Take a listen to track three, "Autumn in Our Town" a beautifully expressed and crafted Indian Summer piano vignette by Dave Brubeck. This track is a definitive tone poem of the title.
Remember Paul Desmond Pure Desmond and his sweet signatory embouchure profiling his tone? Well the piano as played here by Dave Brubeck atavistically ordains resemblance. A truly beautiful CD. A must have CD if you enjoy piano.
The imbecilic rubes might assign a moniker of smooth Jazz or the like. This is not the case. This CD is an etude, an excursion of the soul.
Customer Rating:      Summary: Brubeck Comment: A great Dave Brubeck CD. I have followed him from the 60's. This is a nice mellow CD.
Customer Rating:      Summary: sweet and bittersweet. ghosts in the chords Comment: Very personal Solo piano renditions of standards, the jacket shows all, very very autumnal music from a man well in to the autumn of his life. Sweet and Bittersweet, full of memories, even ghosts of autumns past. Elegaic. He uses more slow dark chords on these standards than I've ever heard from him in his more Pop albums. Sounds almost like Thelonious Monk in places, minors, diminished minor 7ths, 9ths, 13th's, whatever, he hangs these dark chords out these and sometimes he resolves them into the majors they were written in and sometimes he doesn't. It is between wrong note and really clever. Very well recorded solos so these chords hang in the frosty autumn air. Slow tempos.
Dave Brubeck has outlived them all. He was a contemporary of Cool Jazzmen Miles Davis, Stan Getz, Chet Baker, Bill Evans, Gerry Mulligan, not to mention his wonderful alto sax man Paul Desmond, etc. Clean living, I guess.

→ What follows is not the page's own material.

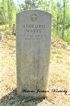 Ashford Watts was one of the throngs of Breathitt County men and boys who rushed to volunteer for a chance to “Kick the Kaiser” at the beginning of World War I. As the patriotic spirit soared, Ashford enlisted in Company F, Second Kentucky Infantry along with many boys from the Lost Creek area of Breathitt County on April 9, 1917. He and his company were assigned to Eastern Kentucky to guard vital railroad tunnels that helped supply coal to the cities of Central Kentucky and the war effort.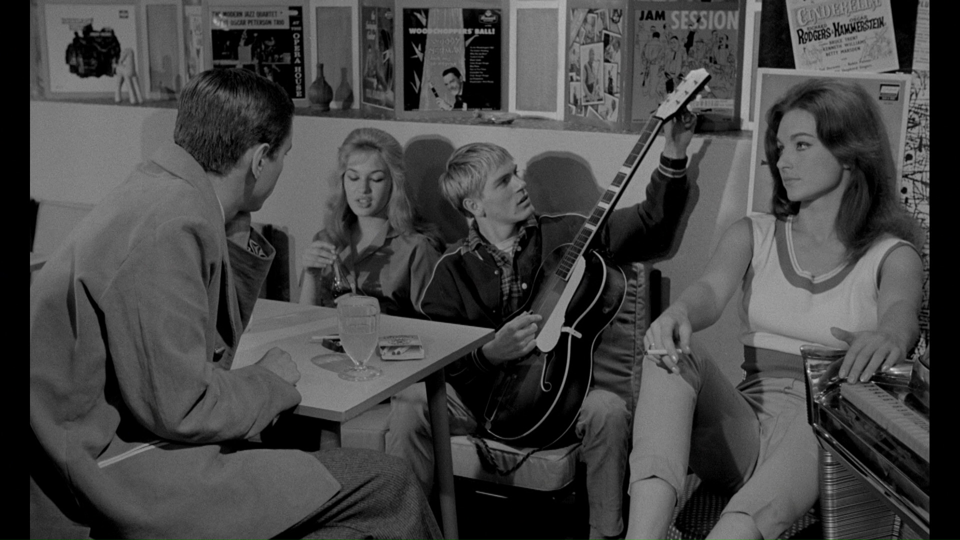 Gillian Hills, who later went on to fame by frolicking naked with Jane Birkin in Blow-up and appearing in Hammer’s Demons of the Mind, stars here as Jennifer Linden, a disaffected teen whose divorced architect dad, Paul (Farrar), has just married a French émigré, Nichole (Adam). We first see Jennifer in her natural habitat, a smoky beat café where she sways to infectious music (the first film score by the legendary John Barry) and dances with her equally antisocial friends including Dave (pop singer Adam Faith), Tony (McEnery), Plaid Shirt (Reed, who appeared in The Curse of the Werewolf the same year), and Dodo (Field). They also go out for wild joyrides at night, allowing Jennifer to vent her frustration at being cast aside for this French interloper. When Nichole crashes Jennifer’s favorite hangout, the girl suspects something’s up when a stripper next door at Les Girls recognizes the new stepmother; this turn of events puts Jennifer in the sights of the club’s greasy, predatory owner, Kenny (Lee), who’s related to Nichole’s less-than-pristine past.

While his contemporaries were shooting drugs and/or guzzling booze, Brubeck was drinking milk and going home early to his wife of many years. Raising a family. So he's still with us and to my ear has done one of the most involving albums I've heard from him in more than a decade.
It is as if he was remembering his whole life. And the ghosts are just beyond reach. Brubecks new CD is really thoughful and late night.
Elevator music, huh?? He has spent more time agonizing over each note and chord he plays than I have ever heard.
paritularly good are the Impressionistic September Song, and Spring is Here, and the dark So Lonely.
resonates with listeners who feel that Jazz should be melodic, original and thoughtful need not be frenetic or noisy.
highly recommended
Customer Rating:      Summary: Wow! Absolutly Beautiful Comment: I've been a Brubeck fan for a lot of years. I was hooked when I got a copy of "Jazz at Oberlin"... still one of my favorites. But this album is different... and it is absolutly beautiful. This is Brubeck in a very pensive, reflective mood. When you listen to this album you get a sense of serenity that you're coomfortably sitting in a room listening to one of the great jazz pianists of our time. The music is laid-back and the melodies and chords structures are a delight. If you want to relax quitely with some mello jazz... this is the album.
Customer Rating:      Summary: Solo Brubeck in a reflective mood Comment: By all rights Dave Brubeck shouldn't have made it to these sessions after his accident in a Tyler, TX hotel room, described in detail in the booklet notes. The resulting music, however, is beautiful and haunting -- mostly taken at slow tempo, with strong melodies giving way to classic Brubeck touches. There's not a song that runs over five minutes, each is a first take, and the program is presented in the order he recorded them over two days' time. There are a few originals scattered throughout, sounding like the classics that surround them. Considering the pain he was suffering (a week later he was in hospital awaiting surgery) this is a remarkable effort from the 86-year-old composer and pianist, and a solo performance that will be a quiet pleasure for fans.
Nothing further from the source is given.